The Lower House on Tuesday got the ball rolling by passing a bill that revises the Diet Law and establishes an in-house panel to conduct the debate, which is expected to take at least five years.
The bill was supported by the ruling Liberal Democratic Party, its coalition partner the Liberal Party, New Komeito, which is being wooed by the LDP to join the coalition, and the opposition Democratic Party of Japan.
The Japanese Communist Party opposed the bill while the Social Democratic Party boycotted the balloting; the two parties believe the committee's purpose is to prepare to amend the Constitution.

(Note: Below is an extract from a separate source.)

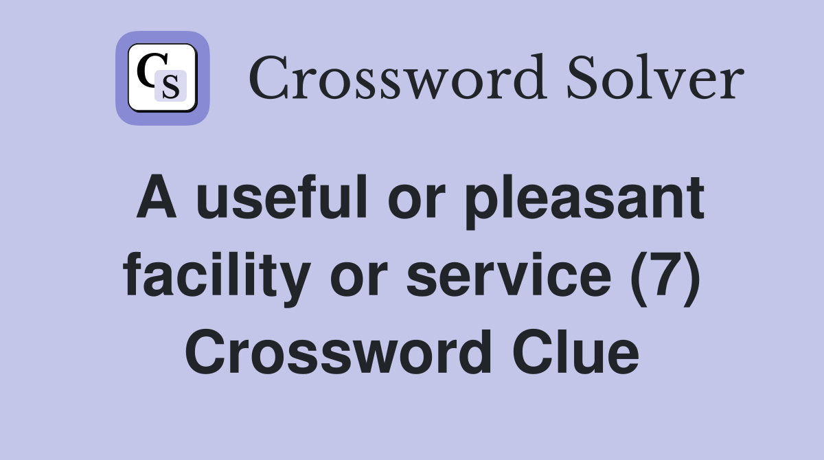 A useful or pleasant facility or service (7) Crossword Clue Answers
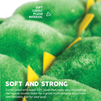 - Super squeaky crocodile plush toy with a bubble-wrap-like design.

Given the four other parties' backing, however, the bill is expected to become law before the close of the current Diet session in mid-August after being revised by the House of Councilors, allowing that chamber to set up its own committee on the issue.
Each house's committee is likely to be established come January, when the next ordinary session is slated to open. Article 9, which stipulates that the nation forever renounces war, is expected to be the most contentious issue.
The Constitution took effect on May 3, 1947, when Japan was under the Allied Occupation following its defeat in World War II. The nation's fundamental law document, especially Article 9, has since been considered so sacred that it has never been amended -- nor has the Diet ever set up a special panel to discuss possible amendments.
Each committees' sessions will be, in principle, open to the public, but they can be closed through a committee resolution. The panels will not be empowered to propose amendments to the Constitution. That job will be left to groups of lawmakers or the Cabinet once debate is finished.
Constitutional amendments must be approved by two-thirds of both Diet chambers and a majority of the public through a plebiscite.
The Social Democratic Party and the Japanese Communist Party are still vehemently opposed to any revisions to the war-renouncing article, but with conservative lawmakers increasing their numbers in recent years, voices calling for a review of the Constitution have grown stronger.
In fact, it was a suprapartisan group of some 350 conservative lawmakers -- from the LDP, the Liberal Party, the DPJ, New Komeito and Kaikaku Club (Reformers' Network Party) -- that submitted the bill to the Diet.
Some say Article 9 should be revised to enable the Self-Defense Forces to participate more actively in international peacekeeping activities.
In other issues, some want to allow state subsidies for private schools that are banned under the Constitution but distributed under other legislation, while others point out that the right to live in a comfortable environment and the right to know -- closely connected to freedom of information measures -- should be spelled out in the Constitution.